How to change Filevault Personal Recovery Key through Jamf policy

sherwinadrian_d
New Contributor II

Hi guys, I'm a noob here just starting to learn how to use Jamf pro as managing our workstations. I would like to know if there is a way to Change the personal recovery key  of a station after providing it and using it with an end user?

1 ACCEPTED SOLUTION

Ismere
New Contributor III

Hi sherwinadrian_d,

in the Jamf Documentation under this link : https://docs.jamf.com/10.40.0/jamf-pro/documentation/Disk_Encryption_Configurations.html
you will find an explanation how to change the Recovery Key trough a Policy. But keep in mind that there are also some Requirements listed that need to be fulfilled.
Choosing the trigger, frequency and scope for this totally depends on your exact Usage Scenario.
Easiest way would be Check-In, Once per Computer, a static group. Adding a computer to that group after you used the recovery key and flushing it if you ever need to reset it again in the future. More automated or comfortable ways should be possible but then you will need to invest more time into creating the actual workflow for it.

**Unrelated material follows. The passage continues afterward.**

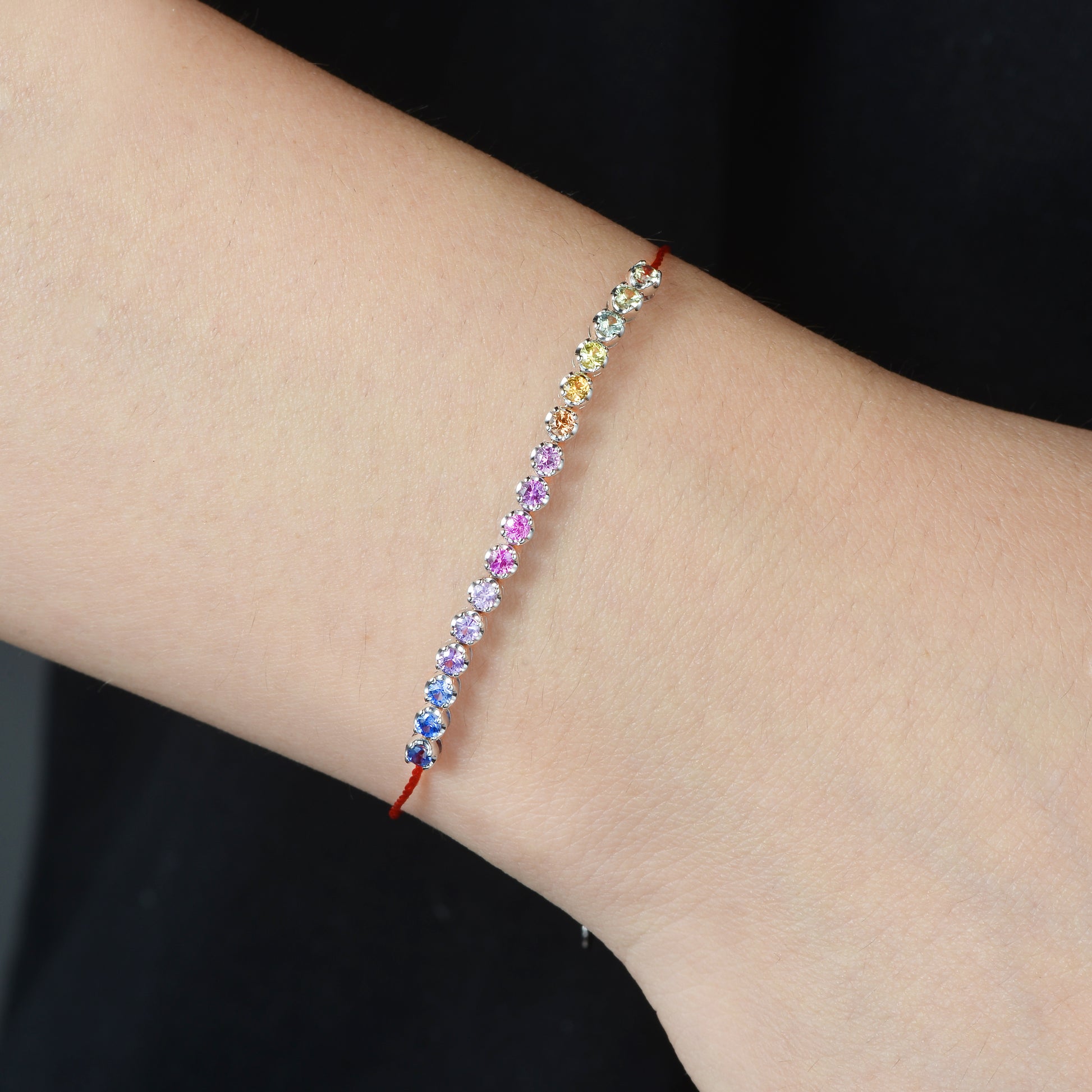 Crimson Thread & Gradient Sapphire Bracelet | 18K Gold | Natural Gemstone

View solution in original post

2 REPLIES 2

Ismere
New Contributor III

Hi sherwinadrian_d,

in the Jamf Documentation under this link : https://docs.jamf.com/10.40.0/jamf-pro/documentation/Disk_Encryption_Configurations.html
you will find an explanation how to change the Recovery Key trough a Policy. But keep in mind that there are also some Requirements listed that need to be fulfilled.
Choosing the trigger, frequency and scope for this totally depends on your exact Usage Scenario.
Easiest way would be Check-In, Once per Computer, a static group. Adding a computer to that group after you used the recovery key and flushing it if you ever need to reset it again in the future. More automated or comfortable ways should be possible but then you will need to invest more time into creating the actual workflow for it.

Hi Ismere,

 

This will be very helpful to me. I will go check this out. I really appreciate your reply!